— Exercise requirements —
The task for the listing below is to write out exactly the lines starting at the one containing "Product Feature: 1." and ending at the one containing "Our premium felt", both included. Pictures are to be omitted.

— Dataset extract —

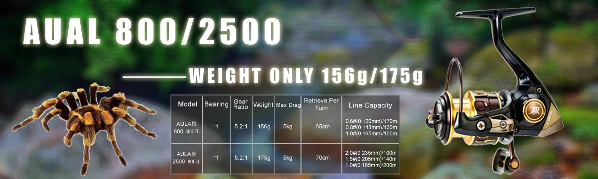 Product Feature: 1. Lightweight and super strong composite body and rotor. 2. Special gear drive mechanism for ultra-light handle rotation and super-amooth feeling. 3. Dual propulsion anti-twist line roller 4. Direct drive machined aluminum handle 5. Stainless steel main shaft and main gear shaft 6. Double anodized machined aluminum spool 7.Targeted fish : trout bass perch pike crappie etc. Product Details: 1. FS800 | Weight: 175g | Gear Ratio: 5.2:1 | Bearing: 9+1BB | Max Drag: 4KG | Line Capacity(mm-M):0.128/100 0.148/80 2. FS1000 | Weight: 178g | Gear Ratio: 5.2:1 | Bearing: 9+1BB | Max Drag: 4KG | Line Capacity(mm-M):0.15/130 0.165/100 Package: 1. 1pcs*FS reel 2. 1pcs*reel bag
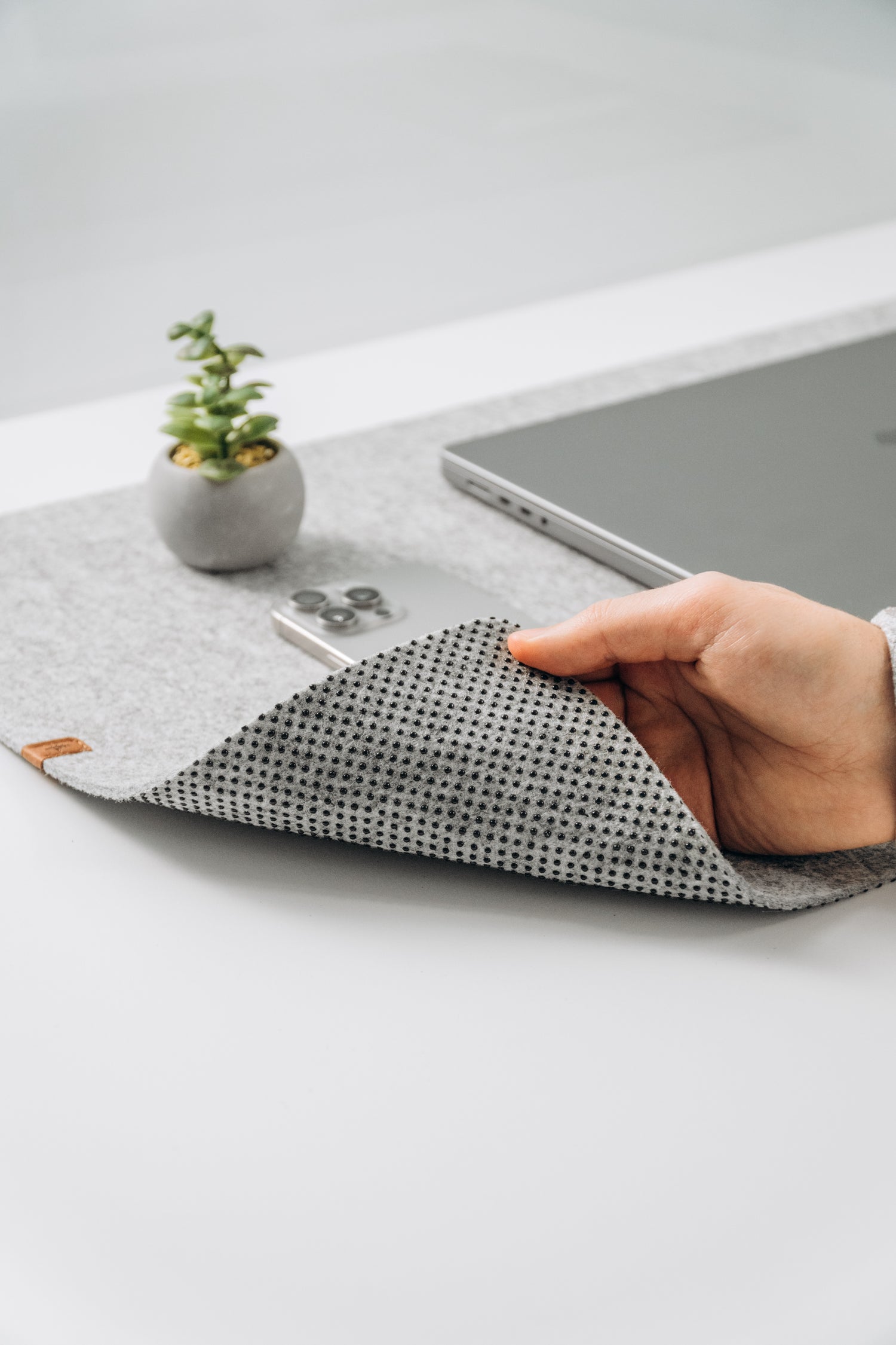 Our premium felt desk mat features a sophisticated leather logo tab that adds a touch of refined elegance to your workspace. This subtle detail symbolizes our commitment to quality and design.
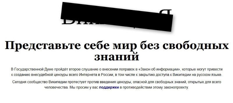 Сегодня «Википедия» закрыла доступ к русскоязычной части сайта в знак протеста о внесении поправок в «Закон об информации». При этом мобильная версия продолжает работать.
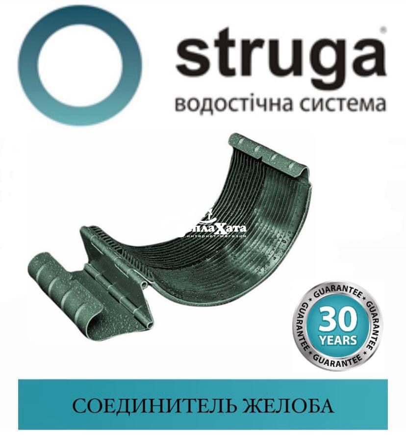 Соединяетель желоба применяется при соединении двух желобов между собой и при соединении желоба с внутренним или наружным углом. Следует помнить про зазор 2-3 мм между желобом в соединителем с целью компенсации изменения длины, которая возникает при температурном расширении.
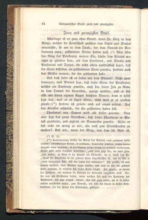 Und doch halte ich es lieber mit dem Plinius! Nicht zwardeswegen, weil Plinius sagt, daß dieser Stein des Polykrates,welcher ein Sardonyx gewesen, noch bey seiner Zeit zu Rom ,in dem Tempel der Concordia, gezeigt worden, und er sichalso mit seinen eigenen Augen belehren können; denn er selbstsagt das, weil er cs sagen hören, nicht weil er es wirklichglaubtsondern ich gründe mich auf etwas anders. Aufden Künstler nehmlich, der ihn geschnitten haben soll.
--
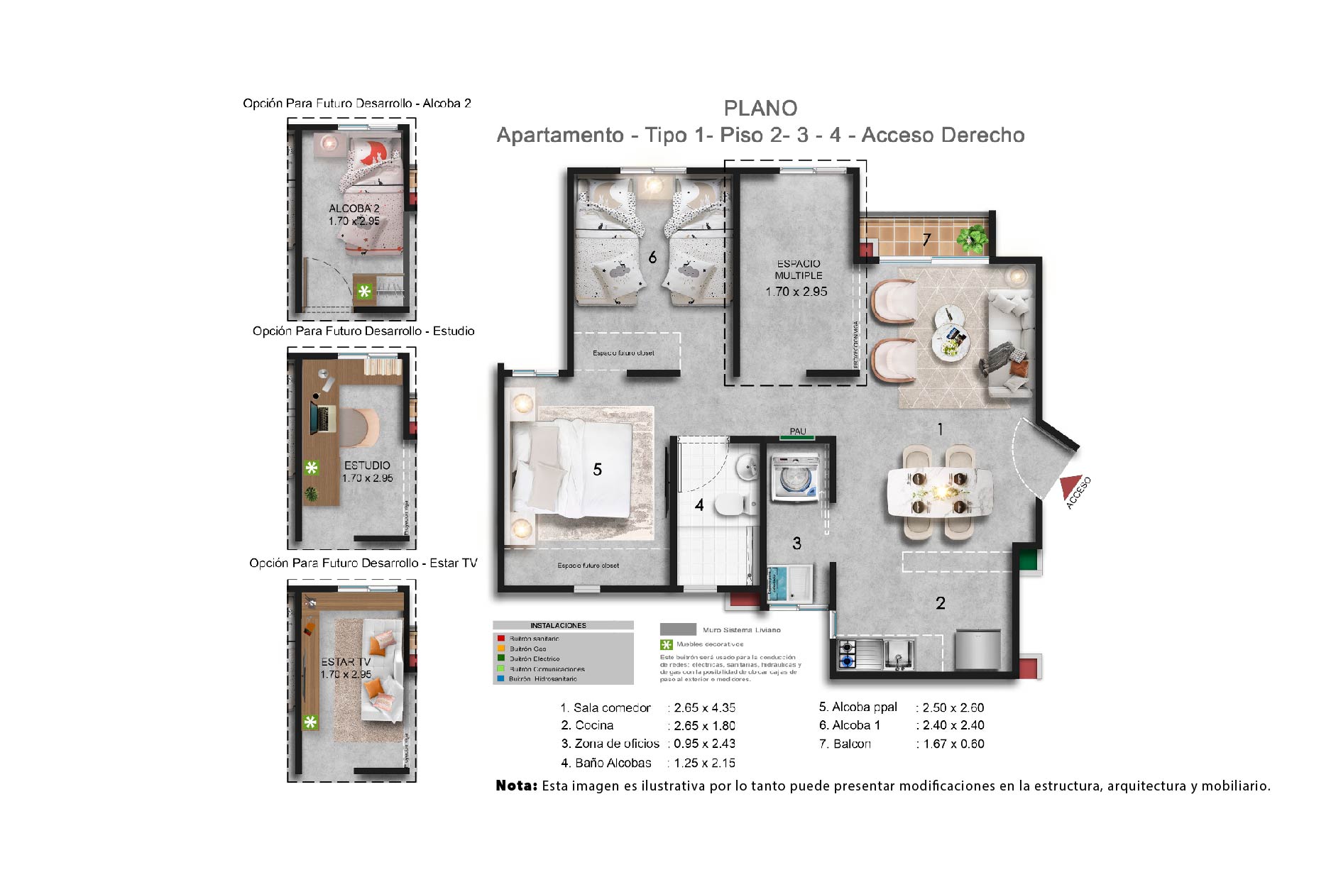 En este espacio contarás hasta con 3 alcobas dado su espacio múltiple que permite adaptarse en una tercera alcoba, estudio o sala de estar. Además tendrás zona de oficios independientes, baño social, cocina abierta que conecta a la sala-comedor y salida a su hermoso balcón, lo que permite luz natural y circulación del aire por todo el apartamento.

— Result for this exercise —
 Product Feature: 1. Lightweight and super strong composite body and rotor. 2. Special gear drive mechanism for ultra-light handle rotation and super-amooth feeling. 3. Dual propulsion anti-twist line roller 4. Direct drive machined aluminum handle 5. Stainless steel main shaft and main gear shaft 6. Double anodized machined aluminum spool 7.Targeted fish : trout bass perch pike crappie etc. Product Details: 1. FS800 | Weight: 175g | Gear Ratio: 5.2:1 | Bearing: 9+1BB | Max Drag: 4KG | Line Capacity(mm-M):0.128/100 0.148/80 2. FS1000 | Weight: 178g | Gear Ratio: 5.2:1 | Bearing: 9+1BB | Max Drag: 4KG | Line Capacity(mm-M):0.15/130 0.165/100 Package: 1. 1pcs*FS reel 2. 1pcs*reel bag
 Our premium felt desk mat features a sophisticated leather logo tab that adds a touch of refined elegance to your workspace. This subtle detail symbolizes our commitment to quality and design.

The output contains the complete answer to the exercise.